Steps to Build Enterprise AI Agents With Java
If you're a Java developer considering building AI agents, here's how the modern approach differs from traditional chatbot development:
- Decompose Problems: Break large tasks into discrete steps. Some steps run as ordinary Java code, others invoke LLMs, and those LLM invocations can themselves call tools. This decomposition is the core job of a real agent framework.
- Leverage Type Safety: Use Java records, Plain Old Java Objects (POJOs), and Jakarta EE validation annotations. Embabel understands these natively and surfaces constraints to the LLM, ensuring valid responses before generation.
- Inject Context Automatically: Embabel automatically injects contextual information into every LLM prompt, including the current date, time, and the model's knowledge cutoff. This matters when LLM-driven steps need to make time-sensitive decisions.
- Design for Observability: Use the framework's tracing and monitoring capabilities to observe agent decisions, tool use, actions, and failures. This is essential for production systems where you need audit trails and compliance evidence.
- Plan Execution Paths Dynamically: Use GOAP or similar algorithms to find execution paths at runtime that were never explicitly programmed, while maintaining determinism and the ability to explain why a particular path was chosen.
Why Enterprises Are Paying Attention to Java Agents
The enterprise software world has a massive installed base of Java applications. According to industry analyst James Governor, co-founder of RedMonk, the logic is compelling: "With the distributed systems and cloud revolution, so much of the applications and systems that were built, so much of the infrastructure, were built in Java. The idea that somehow Java isn't going to play well with AI doesn't make any sense" .
Johnson himself emphasized that he doesn't view himself primarily as a Java person. Rather, he's focused on solving enterprise software problems. In the early 2000s, that problem was productivity with Java. In the mid-2020s, the problem is making generative AI relevant to business applications. For many enterprises, that means building on top of existing Java infrastructure rather than starting from scratch .
The broader agentic AI landscape includes numerous frameworks designed for different use cases. LangGraph excels at multi-step agent systems with human-in-the-loop capabilities. CrewAI focuses on role-based agent teams that collaborate autonomously. AutoGen from Microsoft emphasizes conversational interactions between agents. LlamaIndex specializes in retrieval-augmented generation (RAG) for data-heavy applications. Semantic Kernel targets enterprise .NET developers. And PydanticAI serves Python developers focused on type safety .
What distinguishes Embabel is its positioning as an "agent harness" rather than a low-level orchestration library. It sits at a higher level of abstraction and includes integration points for coding agents such as Claude Code and GitHub Copilot, allowing Embabel-based applications to incorporate those tools directly .
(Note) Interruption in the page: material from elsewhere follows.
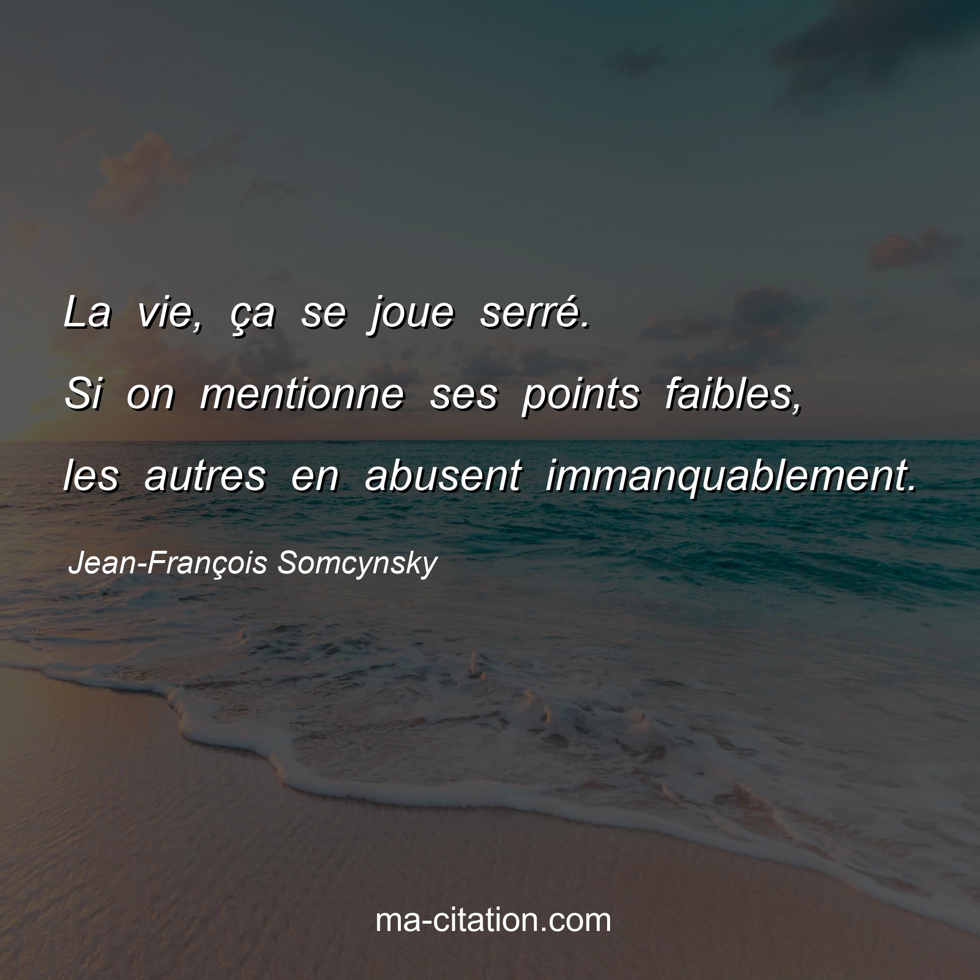 Citation sur la vie de Jean-François Somcynsky :La vie, ça se joue serré. Si on mentionne ses points faibles, les autres en abusent immanquablement.
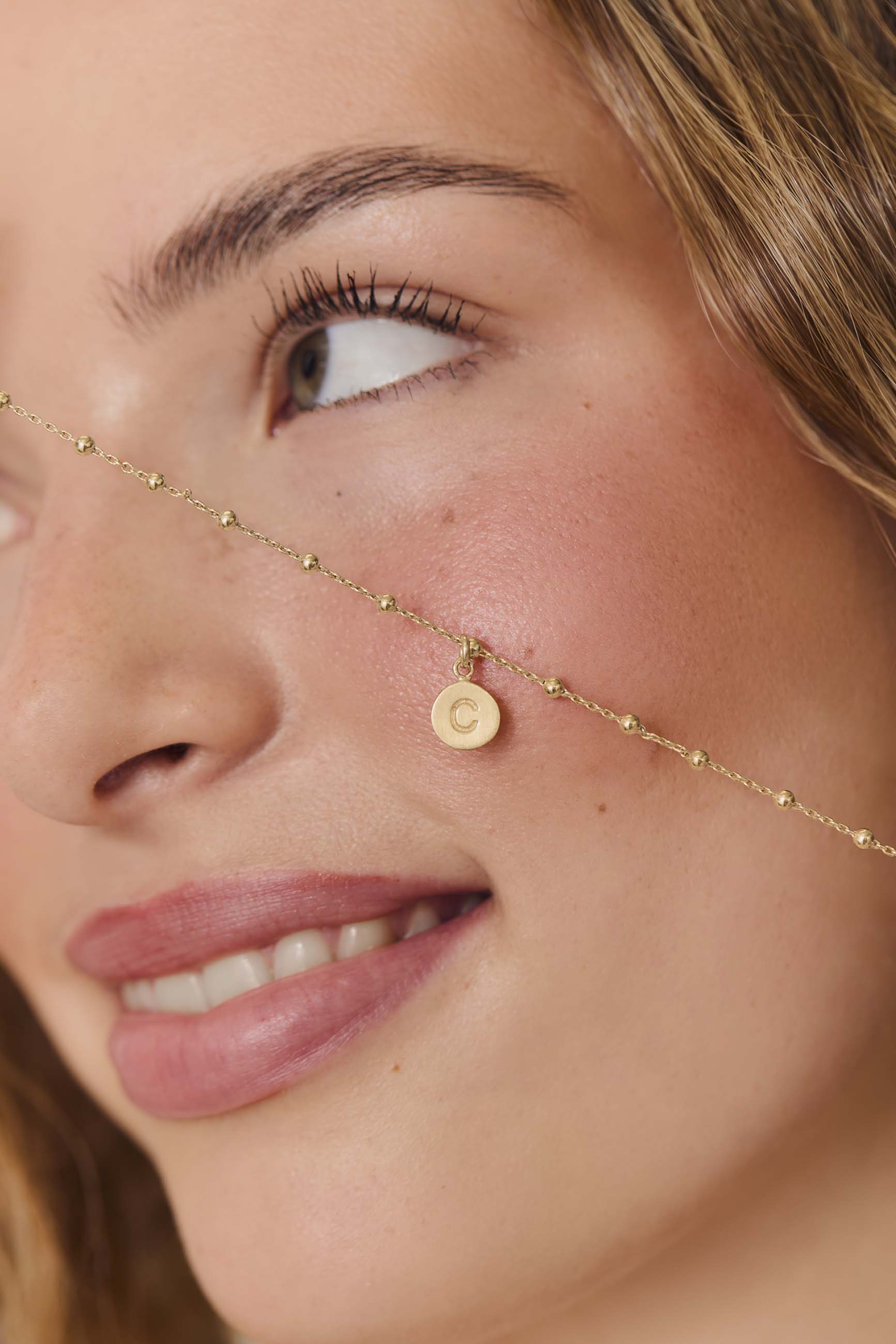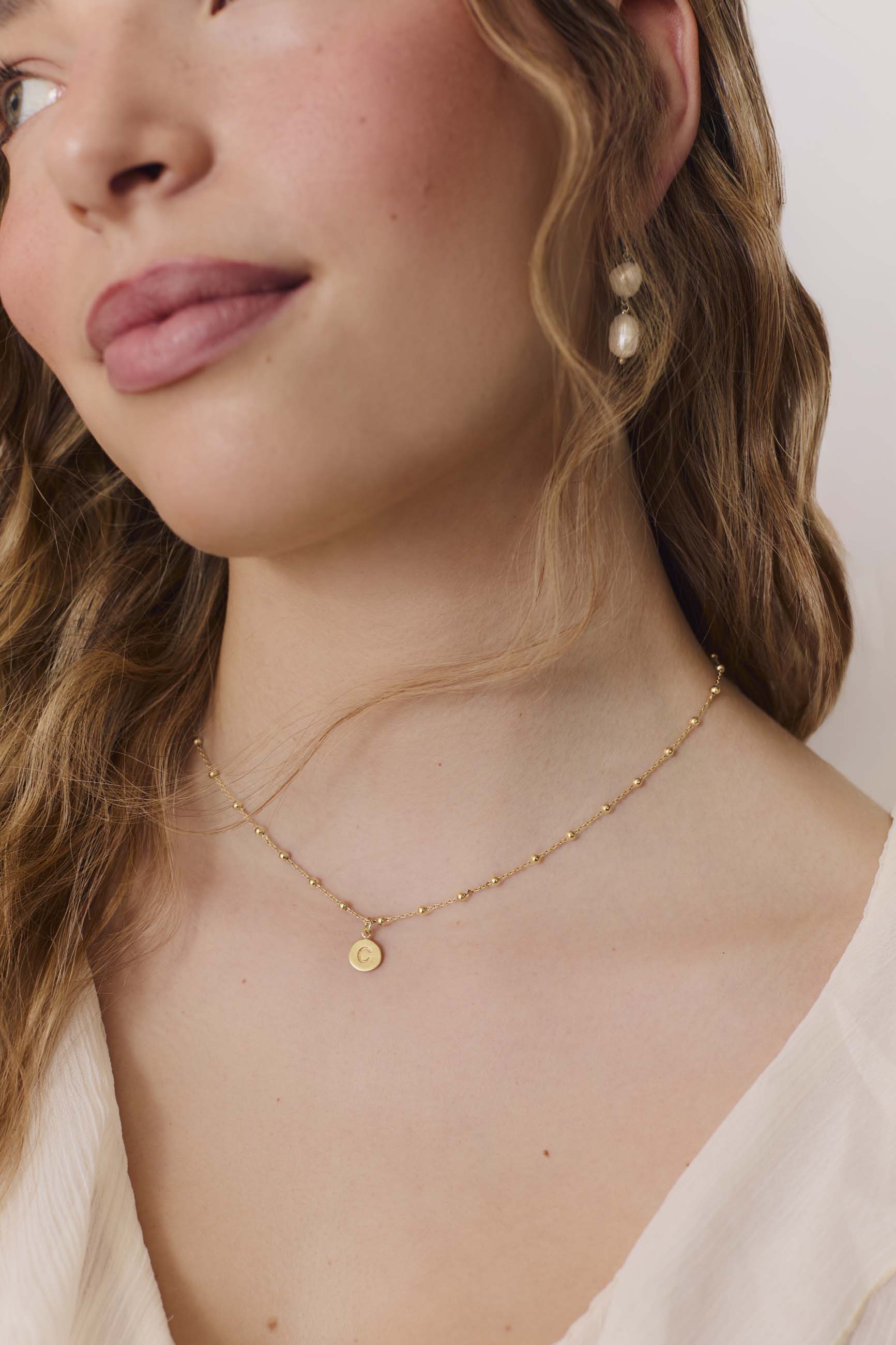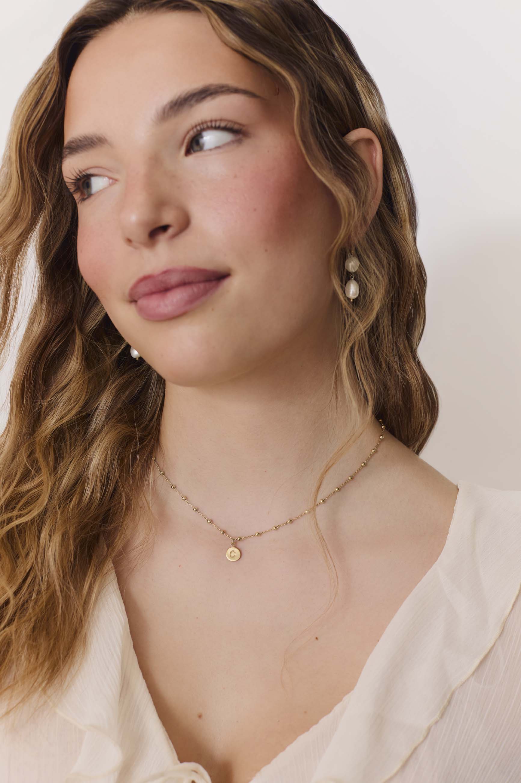 La collana personalizzabile ANUK ORO è composta da una catena sottile con perline intercalate. Dalla catena pende una medaglietta tonda con l'iniziale della tua scelta incisa sopra. Puoi scegliere l'iniziale che ti piace di più!

The emergence of Java-based agentic frameworks signals that the AI agent space is maturing beyond the initial Python-dominated phase. As enterprises begin deploying AI agents into production, they're discovering that language choice matters less than predictability, type safety, and integration with existing infrastructure. For organizations with substantial Java codebases, Embabel and similar frameworks offer a path to AI adoption that doesn't require a complete technology rewrite.